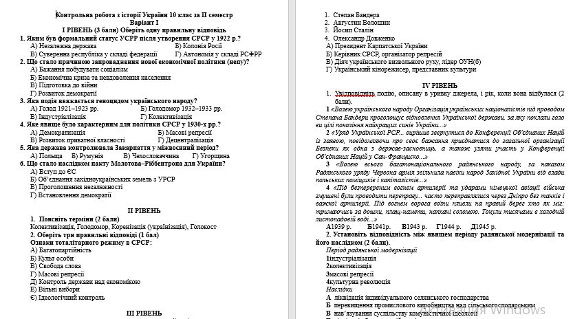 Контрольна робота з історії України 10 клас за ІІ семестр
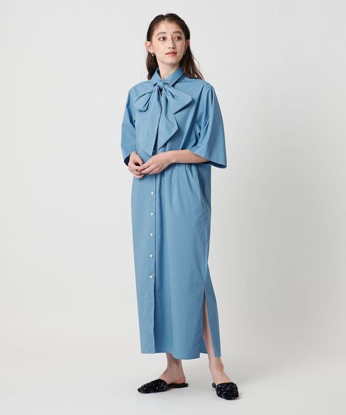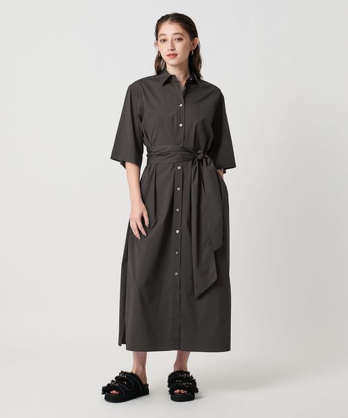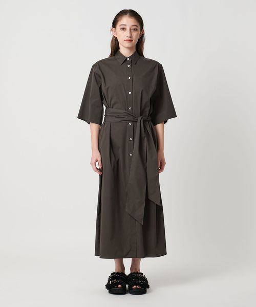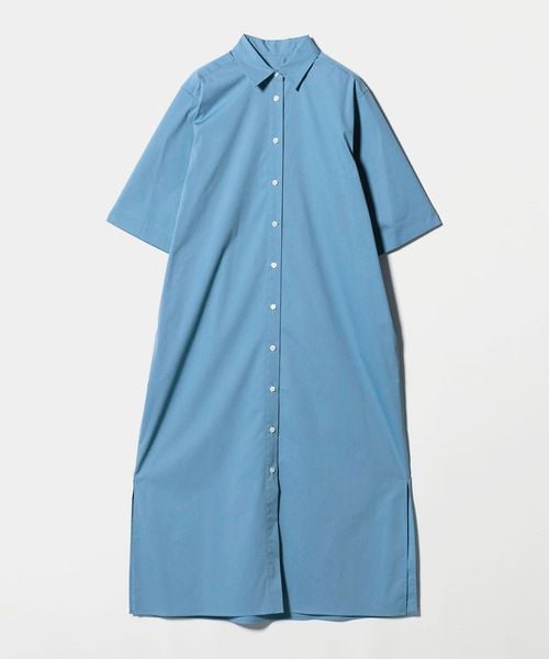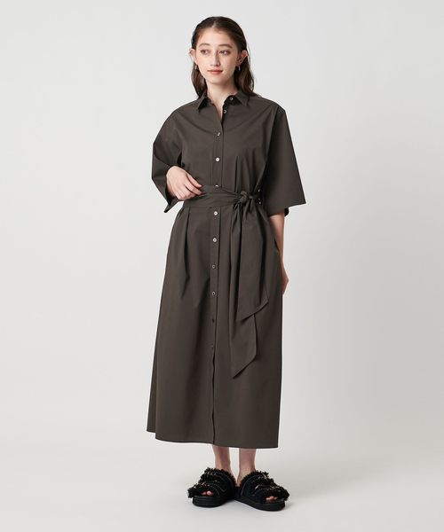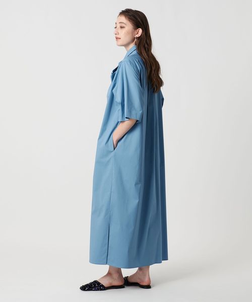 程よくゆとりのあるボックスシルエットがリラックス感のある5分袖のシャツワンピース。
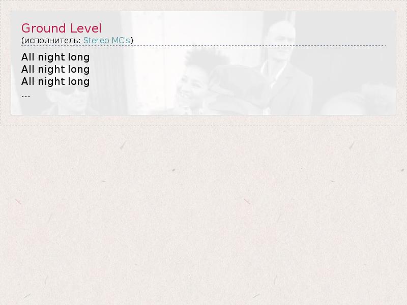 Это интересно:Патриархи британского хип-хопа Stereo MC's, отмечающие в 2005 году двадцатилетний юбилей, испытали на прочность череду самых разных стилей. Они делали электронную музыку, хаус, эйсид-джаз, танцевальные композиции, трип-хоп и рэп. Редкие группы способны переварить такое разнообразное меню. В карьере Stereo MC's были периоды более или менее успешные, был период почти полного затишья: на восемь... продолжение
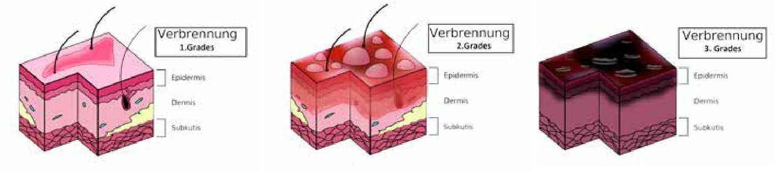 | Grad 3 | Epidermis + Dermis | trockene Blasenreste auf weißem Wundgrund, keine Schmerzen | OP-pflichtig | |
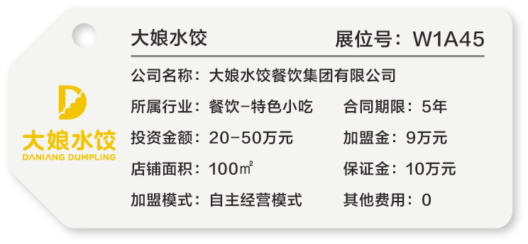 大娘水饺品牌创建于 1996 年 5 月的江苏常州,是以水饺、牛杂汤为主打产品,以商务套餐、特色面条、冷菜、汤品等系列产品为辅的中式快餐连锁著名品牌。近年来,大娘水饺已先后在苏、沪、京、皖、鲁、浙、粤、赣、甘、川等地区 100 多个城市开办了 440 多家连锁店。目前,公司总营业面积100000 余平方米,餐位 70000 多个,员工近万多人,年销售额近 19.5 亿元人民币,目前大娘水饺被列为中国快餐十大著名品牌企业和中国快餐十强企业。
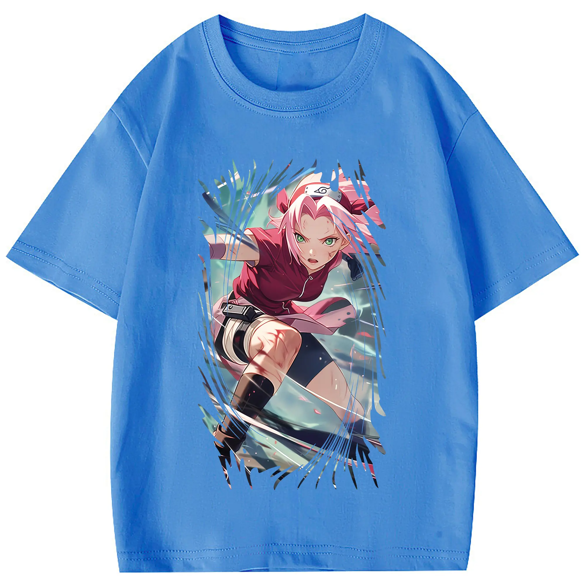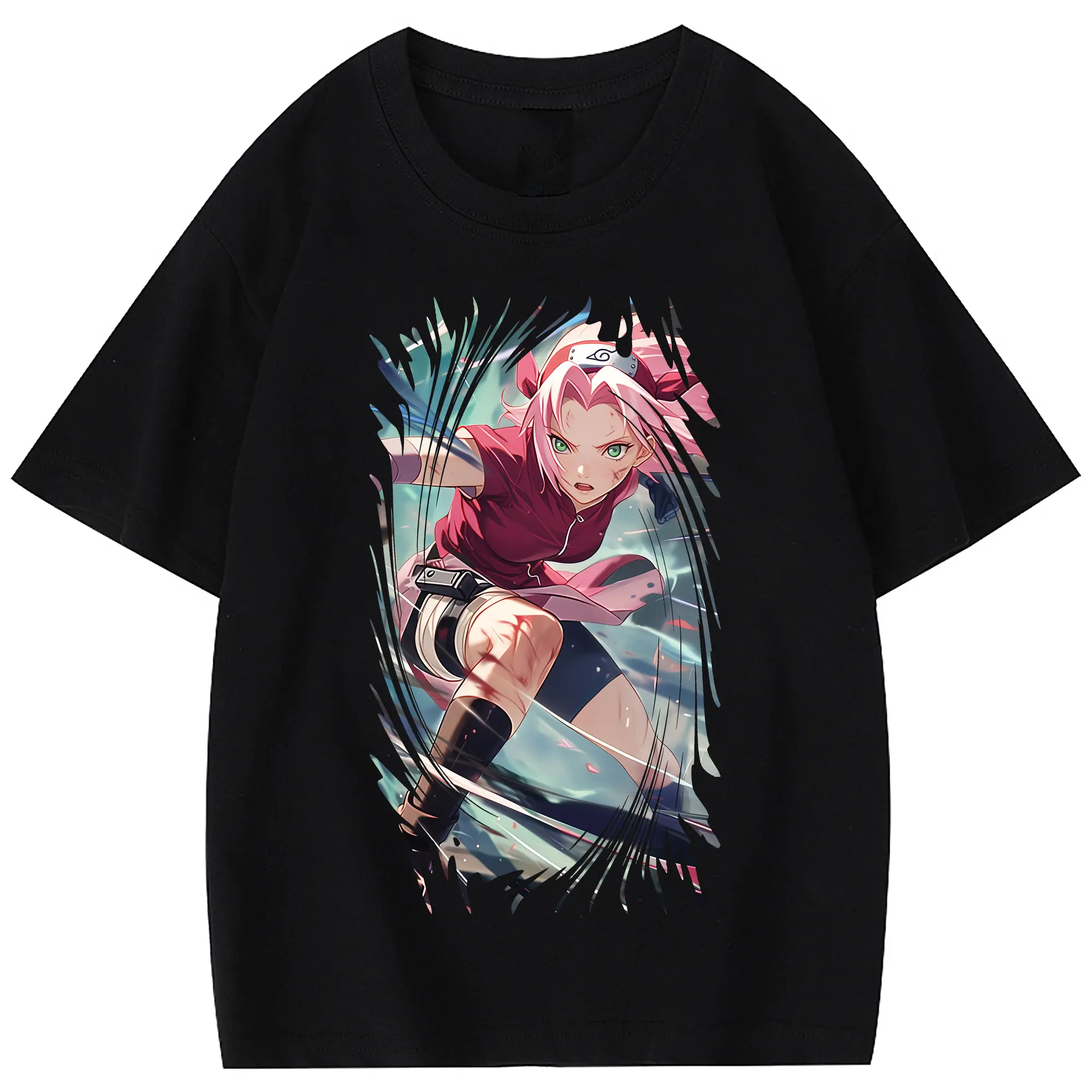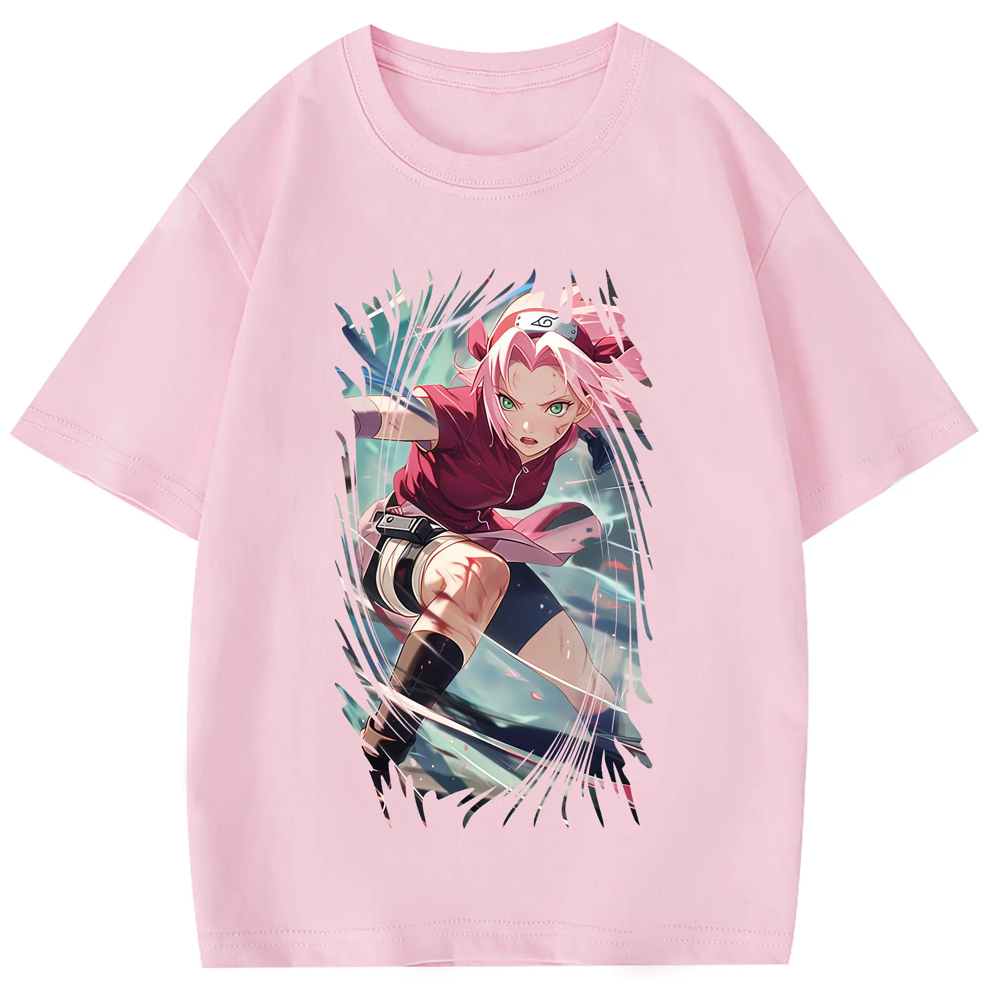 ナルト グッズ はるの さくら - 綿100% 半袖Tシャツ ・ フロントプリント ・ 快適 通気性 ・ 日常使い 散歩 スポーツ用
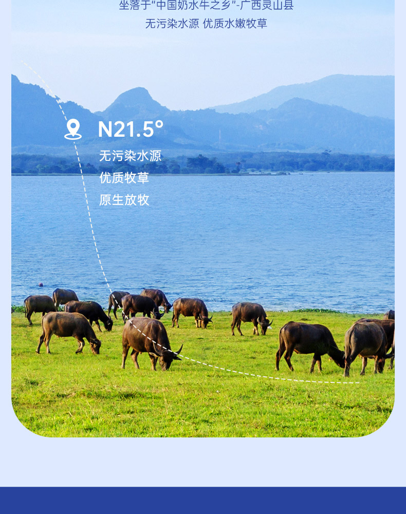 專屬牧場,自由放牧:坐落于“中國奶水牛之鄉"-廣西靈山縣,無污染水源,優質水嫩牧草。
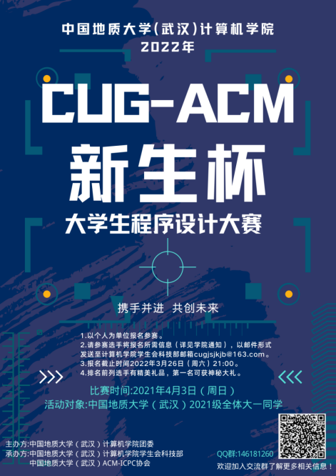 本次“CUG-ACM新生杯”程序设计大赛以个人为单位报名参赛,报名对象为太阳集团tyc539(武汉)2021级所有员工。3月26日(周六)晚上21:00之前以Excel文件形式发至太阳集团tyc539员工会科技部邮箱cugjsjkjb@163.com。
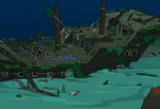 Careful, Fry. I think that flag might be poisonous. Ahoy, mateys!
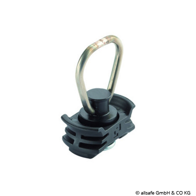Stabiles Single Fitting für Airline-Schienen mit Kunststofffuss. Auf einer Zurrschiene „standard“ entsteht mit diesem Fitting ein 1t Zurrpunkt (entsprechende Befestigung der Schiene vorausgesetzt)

--------------------------------------------------

→ WORK REQUIRED
What you return must match the lines above from the one with "ナルト グッズ はるの" through the one with "Careful, Fry. I" exactly, with both ends included and the pictures excluded.

→ TASK RESPONSE
 ナルト グッズ はるの さくら - 綿100% 半袖Tシャツ ・ フロントプリント ・ 快適 通気性 ・ 日常使い 散歩 スポーツ用
 專屬牧場,自由放牧:坐落于“中國奶水牛之鄉"-廣西靈山縣,無污染水源,優質水嫩牧草。
 本次“CUG-ACM新生杯”程序设计大赛以个人为单位报名参赛,报名对象为太阳集团tyc539(武汉)2021级所有员工。3月26日(周六)晚上21:00之前以Excel文件形式发至太阳集团tyc539员工会科技部邮箱cugjsjkjb@163.com。
 Careful, Fry. I think that flag might be poisonous. Ahoy, mateys!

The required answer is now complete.